Some Republican operatives wonder if donors who wince at Cruz’s tactics — like the shutdown — will spend money on other candidates just to stop Cruz. 

But in the super PAC era, it’s likely that somewhere, a millionaire or a billionaire will back his campaign.

And as divisive of a figure as Cruz is within his own party, it’s hard to find anyone who more forcefully invokes the GOP’s single most unifying symbol: Ronald Reagan.

Cruz’s strategy mirrors Reagan’s “three-legged stool” metaphor, which states that the Republican “stool” is held up by the "three legs" of social conservatism, a hawkish foreign policy and a free-market economic approach.

Many of Cruz’s potential Republican rivals are missing one of those legs. For instance, former Arkansas Gov. Mike Huckabee is adored by evangelicals, but he often comes under fire by fiscal groups like the Club for Growth. U.S. Sen. Rand Paul, R-Ky., is a favorite among libertarians, but often unnerves the neoconservative wing of the GOP. And candidates like former Florida Gov. Jeb Bush or New Jersey Gov. Chris Christie are criticized for the perception that they lack conservative purity. 

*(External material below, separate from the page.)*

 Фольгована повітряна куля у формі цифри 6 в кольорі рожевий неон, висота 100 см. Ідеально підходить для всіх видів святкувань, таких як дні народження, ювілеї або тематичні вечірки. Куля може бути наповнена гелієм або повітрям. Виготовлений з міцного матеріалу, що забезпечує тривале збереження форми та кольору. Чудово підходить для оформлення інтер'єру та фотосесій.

It's hard to find any candidate as fiery as Cruz on the trail on all three issues. But on the flip side of the coin, there are no public guarantees his allies from 2012 will be there again this time.

The Club for Growth and like-minded groups may opt to back another rival, like Paul, whom they endorsed in 2010. The group also hosted Bush, Cruz, Florida Sen. Marco Rubio, Wisconsin Gov. Scott Walker and Indiana Gov. Mike Pence at an organization meeting in Florida in February.

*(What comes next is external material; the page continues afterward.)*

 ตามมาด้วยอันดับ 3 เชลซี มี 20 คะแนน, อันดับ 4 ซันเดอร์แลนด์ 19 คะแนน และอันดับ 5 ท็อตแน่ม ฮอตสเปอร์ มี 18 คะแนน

And Cruz could find Huckabee and former Pennsylvania Sen. Rick Santorum stealing his thunder among evangelical Christians. 

"Iowa's Tea Party constituency is vocal, but relatively small, so Cruz's ceiling in Iowa will be dictated by how much vote share he can take from the host of candidates competing for the larger pool of evangelical caucus-goers," former Iowa GOP Chairman Matt Strawn wrote in an email.

"Right now, that's an awfully congested lane that includes two past Iowa Caucus winners (Huckabee and Santorum), as well as Govs. Jindal, Perry and Walker," he added. 

Regardless, any red-blooded politician would envy Cruz’s following. But it has come at a cost.

To his Republican rivals, his Democratic opponents and many of his colleagues on Capitol Hill, Cruz is rebellious, opportunistic and destructive. To his supporters, his motives come across as nothing short of sincere.

June Pinkham is an accountant who braved icy weather on a recent Sunday afternoon to hear Cruz speak in Barrington, N.H. She walked away from his speech impressed. 

“I do believe that he does believe what he’s saying,” she said. 

Patrick Svitek contributed to this report.